ConstructionPro Week, Volume: 4 - Issue: 4 - 01/30/2015

Are Onerous Terms Deliberately Hidden in Contracts?

By Bruce Jervis

 

Construction contract documents can be complex, which is another way of saying lengthy, redundant and laden with specialized terminology. Some would even say obtuse. But are the contract documents sometimes deliberately obtuse?

 

In one recent case, an indemnification clause was buried on page 86 of a 197-page subcontract, all single-spaced in black type. No effort was made to call the other party’s attention to the clause through the use of capital letters, a different type size or different color.

 

The indemnification clause, which was found in a section captioned Protection of Existing Structures, became pivotal in subsequent multi-million-dollar litigation. A federal appeals court ruled that the indemnification clause was not sufficiently conspicuous to be enforceable. It violated the Texas “Fair Notice Rule.”

 

Are onerous terms deliberately buried in voluminous contract documents, creating a trap for the unwary? Or, is every party signing a contract simply obligated to be thoroughly familiar with the content of that document? It is interesting to note that the court ruling in question benefited a large, sophisticated constructor – an entity with ample access to legal counsel. What do you think?

 

COMMENTS

I feel that the owner/engineer soliciting bids should have a section toward the front that address the following important issues:

1. Insurance Requirements

2. Indemnification

3. Time of Completion; Liquidated Damages

4. Who is paying for surveying, testing, etc.

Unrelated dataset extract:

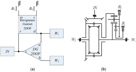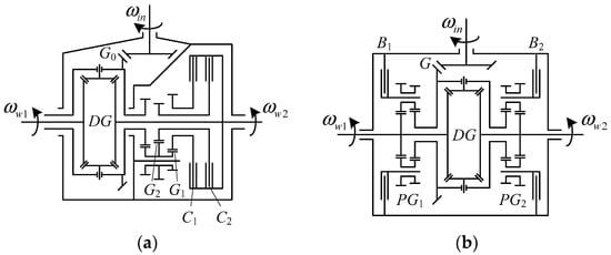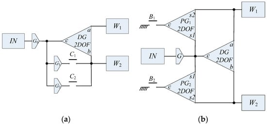 Two current TVD designs are under investigation in this section to understand the design principles of the systems. The schematic diagrams of the superposition-clutch TVD (SPC-TVD) and the stationary-clutch TVD (STC-TVD) [15] are illustrated in Figure 1, and their system configurations transferred by means of a function power graph (FPG) [16] are shown in Figure 2. In Figure 1 and Figure 2, DG denotes the differential gearset; W1 and W2 are the left and right wheels; C1 and C2 are clutches; B1 and B2 are brakes; G, G0, G1 and G2 are gear pairs; PG1 and PG2 are planetary gearsets; IN is the input of the engine power.
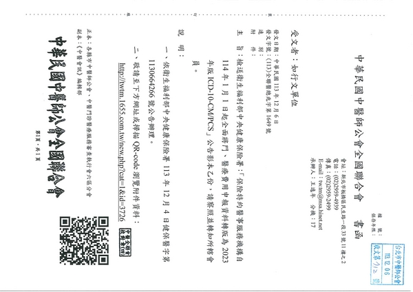 | 台北市中醫師公會 官網:http://www.tpcma.org.tw 地址:台北市中正區青島西路11號3樓 E-mail:tp.cma@msa.hinet.net 電話:(02)2314-3456(代表號) 傳真:(02)2314-8181 |

5. Any special requirements like Guarantee period
Posted by: Paul Iwata - Friday, January 30, 2015 11:06 AM


I think it was deliberately obtuse. We run into this frequently and have learned to read more closely. Especially bid documents. It is time consuming but better than losing your shirt on a project.
Posted by: Deb - Friday, January 30, 2015 11:10 AM


I agree with the items above and wish to point out that AIA and other "Standard Documents" would have special sections for these types of issues. As an Architect we always advise using these types of documents and not "Owner" developed documents as those writing these are generally unfamiliar with the conditions and/or ignorant of these.
Posted by: G. Paul Matherne - Friday, January 30, 2015 11:13 AM


It might seem shady to deliberately hide something in a contract. However, it is incumbent upon the parties to the Contract to READ that Contract and understand it before they sign or otherwise execute the Contract. If you don't understand what you're signing, how much of a right do you honestly have to complain about the conditions of that Contract after the fact? The ultimate "Buyer Beware".
Posted by: ArchitectBabe - Friday, January 30, 2015 11:19 AM


I agree with both Paul's. The problem with indemnification terms is that owners or their lawyers tend to write them with overreaching liabilities bearing no logical attachment to the contractor's scope of work, employees, or subcontractors neglect or performance. This is a good reason to use AIA and other standard documents.

If the clause in question was fairly written and presented it would not have been an issue.
Posted by: Dan Murphy - Friday, January 30, 2015 12:10 PM


Does "not sufficiently conspicuous" mean it just wasn't in the right place? I always thought one would not want to capitalize, bold, underline, etc. Doesn't doing that imply you have to comply with this, but don't need to comply with other things not emphasized? I think you can't imply a party doesn't have to read everything but agree AIA and other industry-standard documents are correctly organized and have probably already been vetted for what is fair and enforceable.
Posted by: Michael Quinn - Friday, January 30, 2015 12:56 PM


ADD to the above

6-Identify and list any kind of permits and fees required.